NZDUSD is moving in the Descending channel and the market has fallen from the lower high area of the channel

NZDUSD is moving in the Descending channel and the market has fallen from the lower high area of the channel.

Grant Robertson, the finance minister for New Zealand, declared on Tuesday that the mission and charter of the Reserve Bank of New Zealand would be renewed. The framework for monetary policy has only minor adjustments. Instead of keeping, the MPC is now required to achieve and maintain inflation between 1% and 3%. MPC should explain the main factors that it takes into account when making decisions regarding financial risks.

CADCHF Analysis

CADCHF is moving in the Box Pattern and the market has reached the resistance area of the pattern

CADCHF is moving in the Box Pattern and the market has reached the resistance area of the pattern.

After concerns about the global supply of fuel were allayed by Russia’s own political issues, crude oil prices spiked higher.

This week, the Canadian Dollar benefited from rising oil prices and did so ahead of CPI inflation data.

Crude Oil Analysis

Crude Oil Price is moving in the Descending triangle pattern and the market has rebounded from the horizontal support area of the pattern

Crude Oil Price is moving in the Descending triangle pattern and the market has rebounded from the horizontal support area of the pattern.

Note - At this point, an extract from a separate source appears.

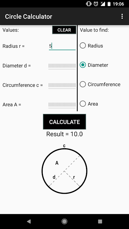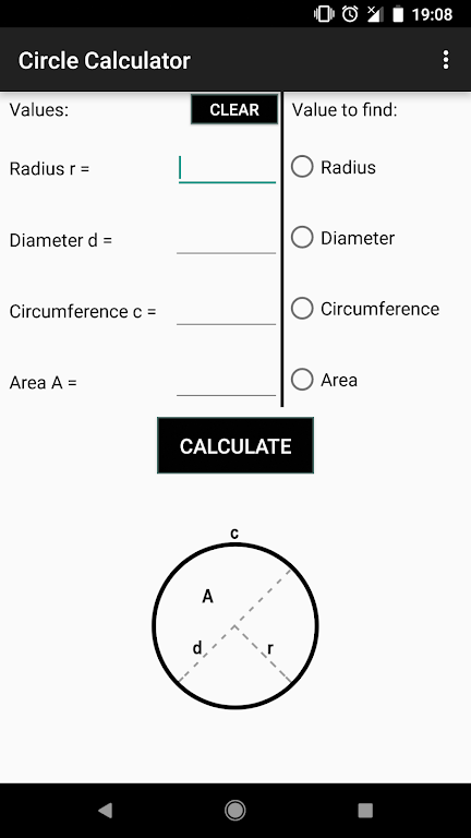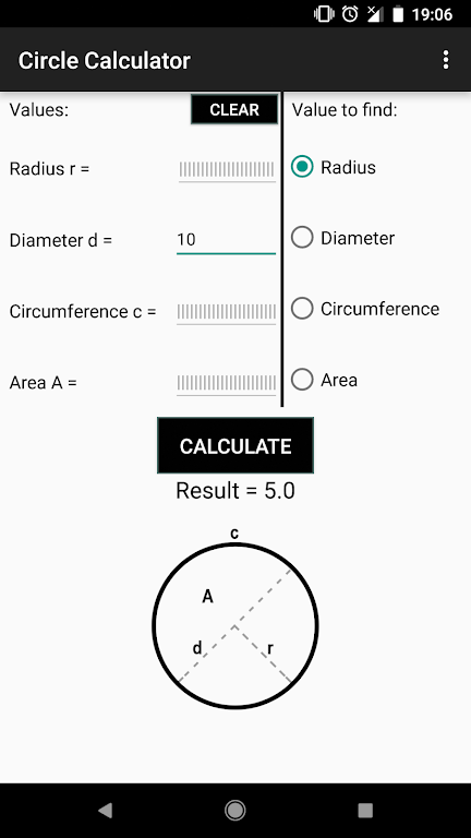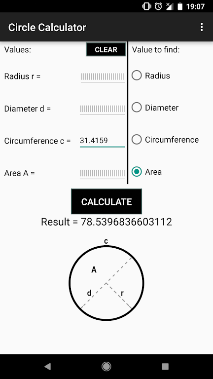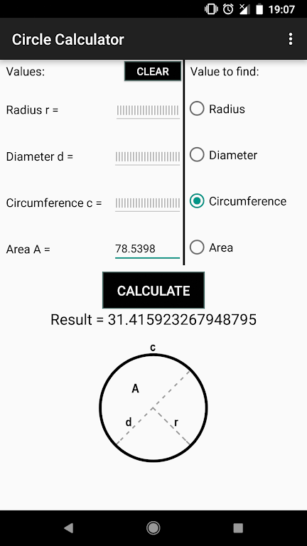 • Quickly calculate radius, diameter, circumference, or area from any known value

The price of crude oil is rising due to worries about potential supply disruptions, particularly those associated with Russia’s political unrest. To a greater extent, this allayes concerns about how a global economic downturn will affect fuel demand. This is perceived as providing support for the commodity-linked Loonie. The traders may decide to hold off on placing risky bets until the most recent consumer inflation data from Canada are released. The crucial CPI report will have an effect on the Bank of Canada’s policy outlook and the Canadian Dollar.